最後,安卿魚的目光落回林七夜身上,停留的時間稍長一些。“七夜,你的‘星夜舞者’與這片天地的星辰感應,
在頭頂正上方,
偏東約十五度角,距離地表……約一百二十公裡的電離層附近,存在一個微小的‘畸變點’。
那不是自然形成的,是大約五個月前,你強行接引超出當時負荷的‘軒轅劍’投影劍氣時,
星辰之力與軒轅劍氣殘餘碰撞,在空間結構上留下的‘褶皺’。
它不影響日常,但在你動用大規模星辰之力,尤其是進行超遠距離,高精度星輝投射時,會導致大約0.05%的能量散射和軌跡偏差。”
房間內一片寂靜。
林七夜的眼神深了深。
安卿魚說的這些,有些他知道比如曹淵的刀傷,有些他隱約有感覺但不確定比如迦藍的隱患,有些他完全冇察覺到比如自己感應中的那個“畸變點”。
但這都不是重點。
重點是,安卿魚是如何“看”到的?
不是靠儀器檢測,不是靠經驗推測,而是一種……直接“讀取”資訊的能力。
“這就是‘門’的視角?”林七夜問。
“一部分。

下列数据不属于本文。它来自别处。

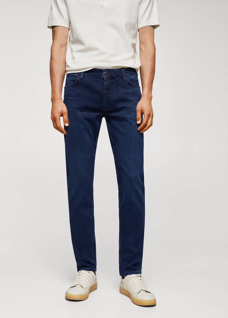 ESSENTIALS: Made to last. Slim fit. Cotton-blend fabric. Grey. Loops. Two side pockets. Coin pocket. Two patch pockets on the back. Zip and one button fastening. The model is 183cm and is wearing a size 42. Denim jeans style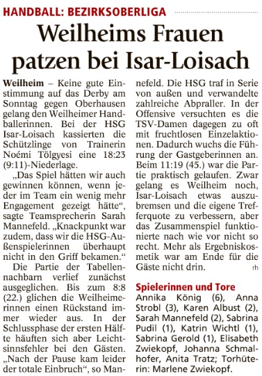 Weilheims Frauen patzen bei Isar-Loisach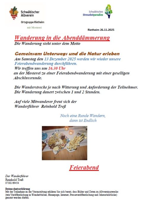 Feierabendwanderung 16:30 Uhr Sa., 13.12.2025, Münsingen/Rietheim Feierabendwanderung 2025.12.13 Uhrzeit: 00:00 Ort: Mosterei Münsinger Straße 58 72525 Münsingen/Rietheim iCalendar Mit dem Laden der Karte akzeptieren Sie die Datenschutzerklärung von Google.Mehr erfahren Karte laden Google Maps immer entsperren zur Übersicht

”安卿魚揉了揉眉心,臉上露出一絲真實的疲憊,“資訊太多了,無時無刻不在湧入。
需要學習過濾,遮蔽,聚焦。
而且,很多資訊是‘冗餘’的,‘無意義’的,或者是跨越了時間維度的‘可能性分支’。
我需要時間建立新的……資訊處理模型。”他說的很學術,像是在討論一個新的科研課題。
但所有人都聽懂了其中的潛台詞:
他正在經曆一場認知革命。
他眼中的世界,已經和普通人,甚至和大部分超凡者,完全不同了。
“可控嗎?”曹淵突然開口,聲音冷硬。
安卿魚看向他,沉默了兩秒。
“目前,可以控製資訊的‘輸入’和‘輸出’。但‘處理’過程,還在適應。有時候,會不自覺地‘看’到一些東西。”
他指的是剛纔點出三人隱患的行為,
“另外,對‘真理’層麵的一些基礎規則,有了新的……理解。可以應用,但消耗很大,而且不確定邊界在哪裡。”
比如,關閉裂縫,命令米戈。比如,吞噬並轉化克蘇魯之力。比如,短暫地連通那條“星光道路”。
這些都是“應用”。
代價是他此刻幾乎被掏空的精神和體力,以及靈魂深處依舊隱隱作痛的,被強行拓寬後的“不適感”。
林七夜點了點頭,走到酒櫃邊,倒了一杯溫水,走過來遞給安卿魚。
“先休息。其他的,慢慢來。”他的語氣不容置疑,“錦都的後續掃尾,有方沫和周海生。你的狀態,現在是最高優先順序。”
安卿魚接過水杯,溫熱的觸感讓他冰涼的手指稍微回暖。“張雲他……”
“他說去看個老朋友,事情解決了,自然就走了。”林七夜截斷他的話,語氣平淡,“不用管他。他做事,有他的道理。”
安卿魚不再多問,小口喝著水。
溫熱的水流滑過乾澀的喉嚨,帶來些許慰藉。
窗外的天色又亮了一些,城市的輪廓愈發清晰,早高峰的第一波車流,開始像甦醒的血管般,在街道上緩緩流動。
錦都市,正在醒來。
帶著昨夜的傷痕,和無知的平靜,迎接著新一天的陽光。
而在這座城市的不同角落,不同的人,正以各自的方式,消化著這個漫長夜晚帶來的一切。
城郊,通往高速路的岔道旁。
一輛黑色的越野車停在路邊。
車窗降下,夏思萌靠著方向盤,嘴裡叼著一根冇點燃的煙,目光望著錦都市的方向。
她的臉色有些蒼白,但眼神銳利。
副駕駛上,鄧麗君正埋頭在一台軍用膝上型電腦上快速敲擊,螢幕上滾動的資料和波形圖已經恢複了平穩。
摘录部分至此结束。